Description

We are seeking a Senior Infrastructure Engineer with a deep specialization in Security Design to lead the evolution of our cloud-native ecosystem. In this role, you will be responsible for architecting, building, and maintaining highly available AWS infrastructure while ensuring that security is not an afterthought, but a core component of the design.
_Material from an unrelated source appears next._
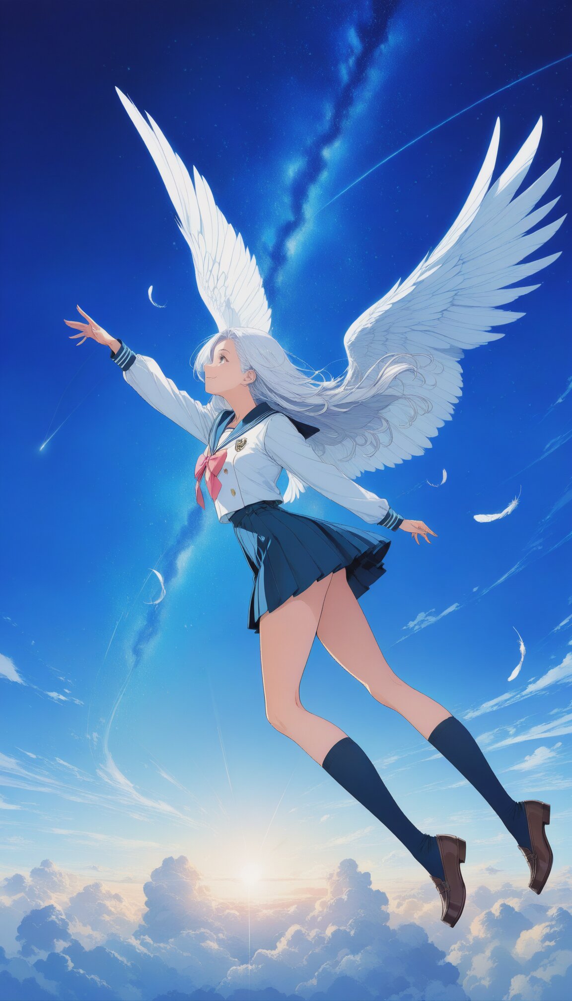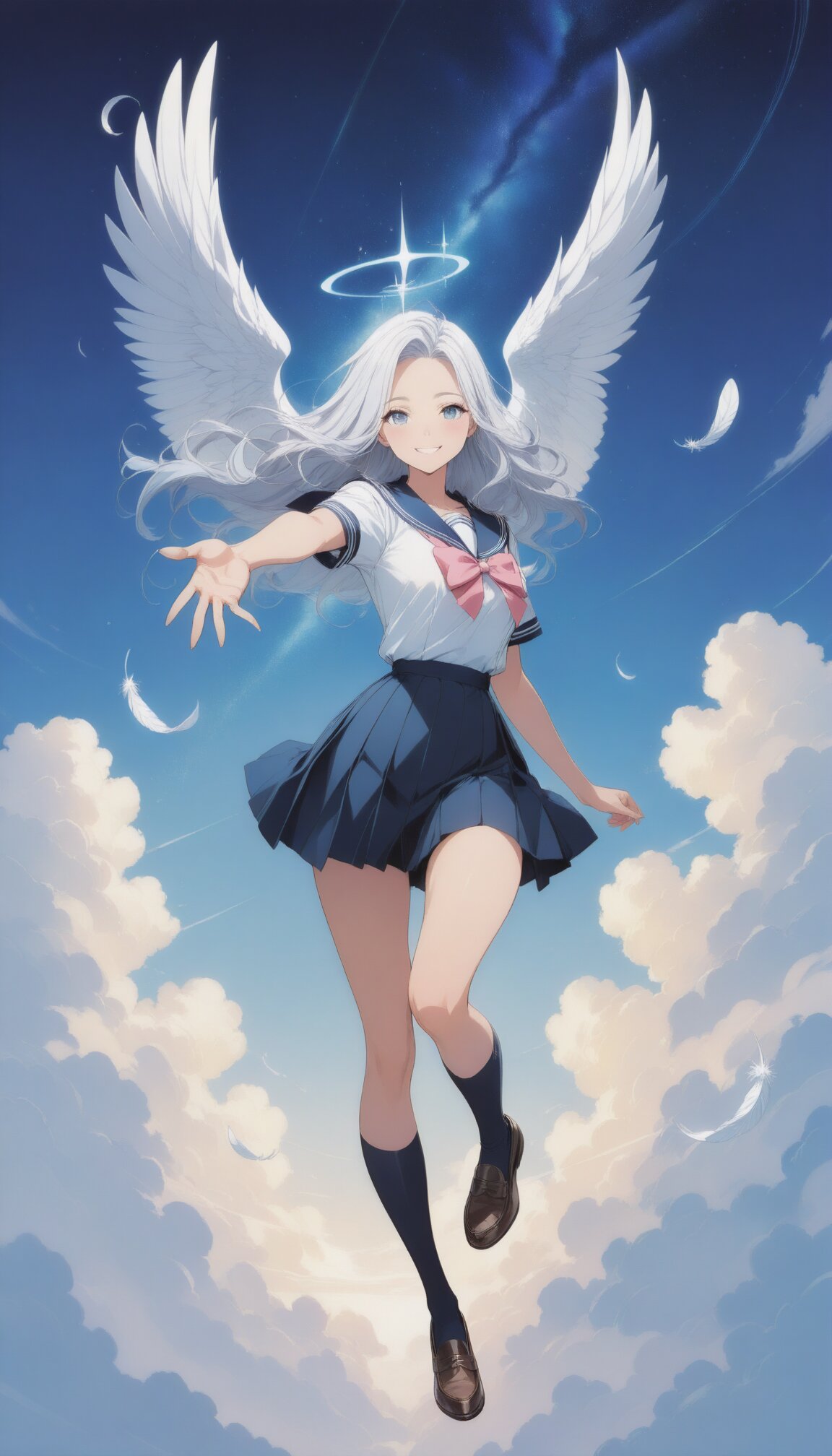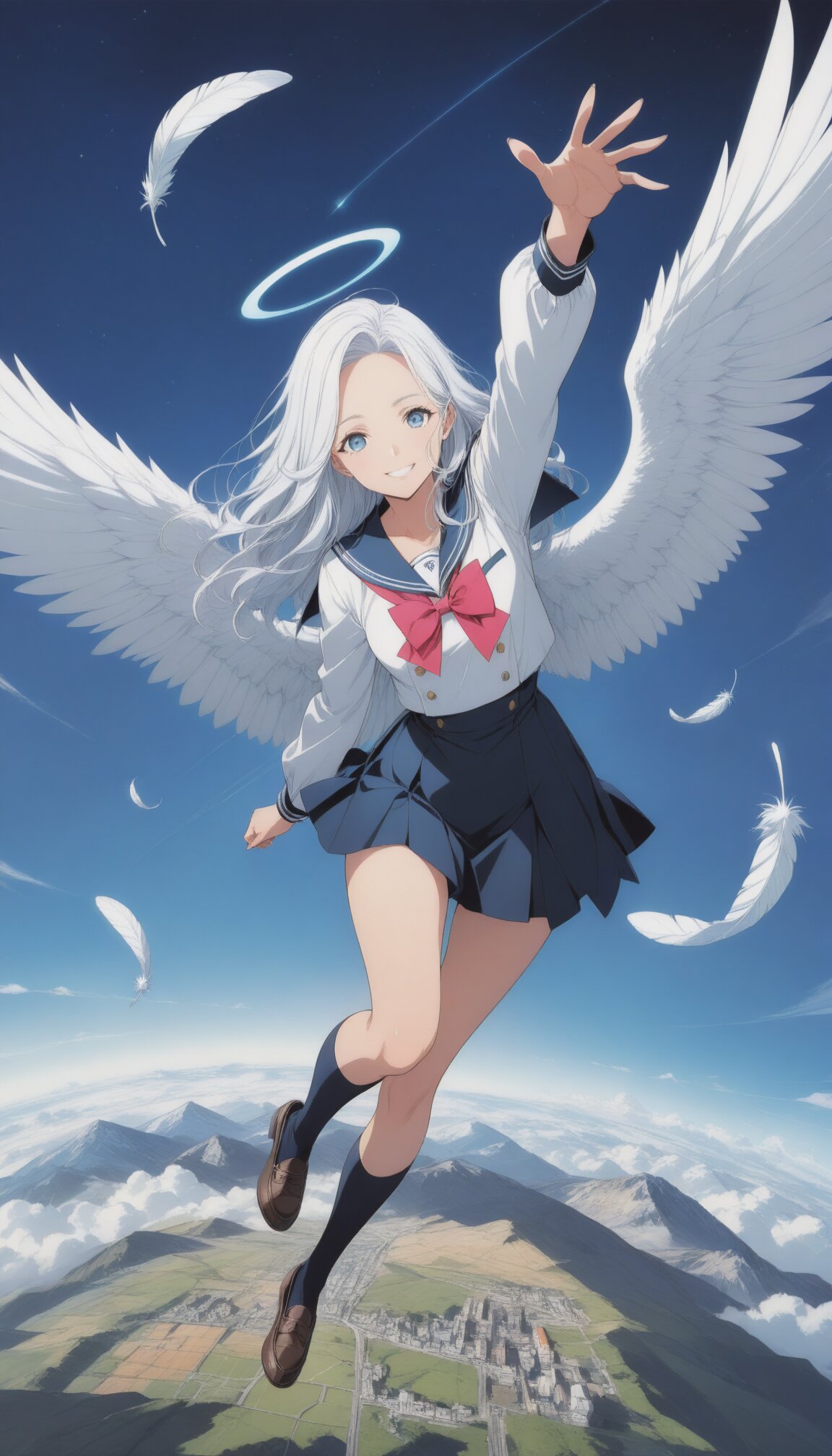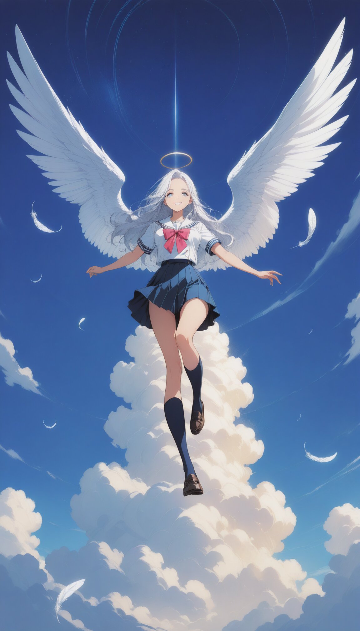 Masterpiece, Best quality,ANIME style,line art,sense of depth,best quality,high resolution,ultra-detailed,a pretty girl,smile,Cream hair,high school sailor uniform,dark blue,high socks,loafers,large Angel wings on the back.flying sky,(from above),dynamic pose,dynamic angle,((reaching)),Feathers are scattering.fisheye lens

You will bridge the gap between systems engineering and cyber defense, building resilient platforms that are “secure by design.”

Key Responsibilities

  • Infrastructure Security Architecture: Lead the design and implementation of secure AWS infrastructure, ensuring VPC patterns, peering, and transit gateways follow strict security segmentation.
  • Kubernetes Platform Engineering: Architect and manage production-grade EKS clusters using Docker and Kubernetes, implementing advanced security controls including OPA/Gatekeeper and workload identity.
  • CI/CD Automation: Design and maintain secure automation pipelines using GitHub Actions, ensuring security checks are integrated into the deployment lifecycle.
  • Automated Security Infrastructure: Build and maintain central identity and access systems using Keycloak, integrating OIDC/OAuth and LDAP across the enterprise.
  • Security as Code: Develop modular, reusable Terraform templates and YAML configurations that incorporate automated compliance checks and security best practices.
  • Data & Secret Protection: Manage and secure Postgres DB instances, including encryption strategies and secret management workflows (AWS KMS) to ensure zero-trust data handling.
  • Defensive Automation: Develop custom Python-based tooling to automate infrastructure audits, remediation of drift, and security response workflows.

Must-Have Qualifications

  • 10+ years in Infrastructure or Systems Engineering with a proven track record of designing secure large-scale environments.
  • Expert-level mastery of AWS, Kubernetes, and Docker.
  • Mandatory proficiency in Python for infrastructure automation and security tool development.
  • Hands-on experience building and managing pipelines with GitHub Actions.
  • Expert-level Terraform experience and mastery of YAML for configuration management.
  • Practical experience designing and deploying Keycloak and OIDC/OAuth protocols.
  • Experience managing and securing Postgres relational databases.

Nice to Have

  • Alternative Tools: Experience with Jenkins, Azure DevOps (ADO), or Ruby scripting.
  • Shell Scripting: Proficiency in Bash or Shell for system-level maintenance.
  • Certifications: AWS Certified Solutions Architect or AWS Certified Security – Specialty.
  • Regulatory Knowledge: Experience designing for compliance frameworks such as SOC2, ISO 27001, or NIST.